🤖 AI Summary
This study investigates how large language models (LLMs) adjust their cooperative strategies in the iterated prisoner’s dilemma under the influence of payoff incentives and linguistic context. By designing a multilingual game-theoretic experiment with scaled payoffs and employing a supervised classifier to map LLM behaviors to canonical repeated-game strategies, the work systematically analyzes strategic patterns across models and languages. It reveals, for the first time, that the framing effect of language can rival or even surpass architectural differences in shaping LLMs’ propensity to cooperate.

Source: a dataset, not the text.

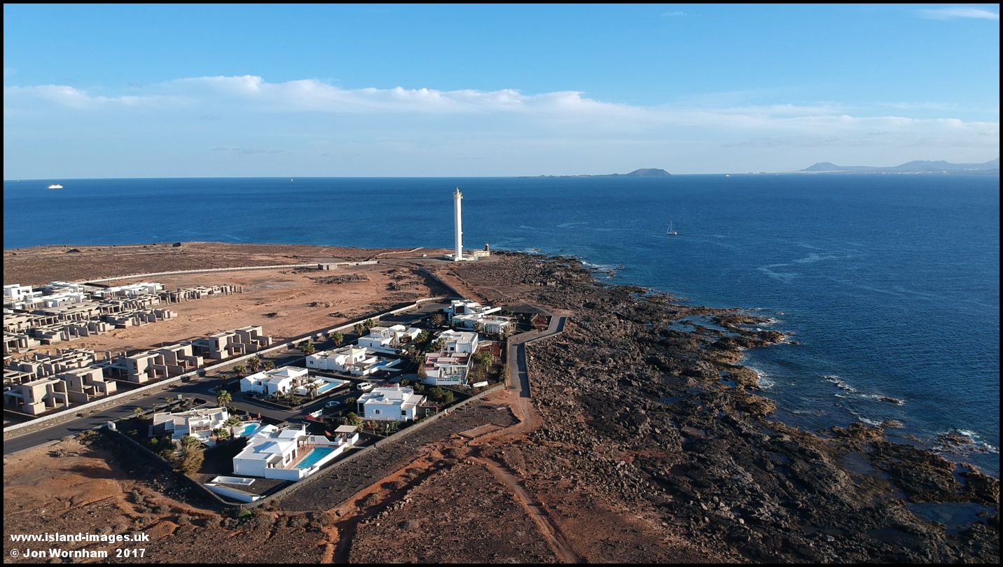 Punta Pechiguera, the southwest tip of Lanzarote island, with Lobos island and Fuerterventura on the horizon

The authors propose a unified auditing framework grounded in classical game theory and demonstrate that LLMs consistently exhibit incentive-sensitive conditional cooperation, with language significantly modulating their strategic choices—providing empirical foundations for safe multi-agent systems and AI governance.
📝 Abstract
As LLMs increasingly act as autonomous agents in interactive and multi-agent settings, understanding their strategic behavior is critical for safety, coordination, and AI-driven social and economic systems. We investigate how payoff magnitude and linguistic context shape LLM strategies in repeated social dilemmas, using a payoff-scaled Prisoner's Dilemma to isolate sensitivity to incentive strength. Across models and languages, we observe consistent behavioral patterns, including incentive-sensitive conditional strategies and cross-linguistic divergence. To interpret these dynamics, we train supervised classifiers on canonical repeated-game strategies and apply them to LLM decisions, revealing systematic, model- and language-dependent behavioral intentions, with linguistic framing sometimes matching or exceeding architectural effects. Our results provide a unified framework for auditing LLMs as strategic agents and highlight cooperation biases with direct implications for AI governance and multi-agent system design.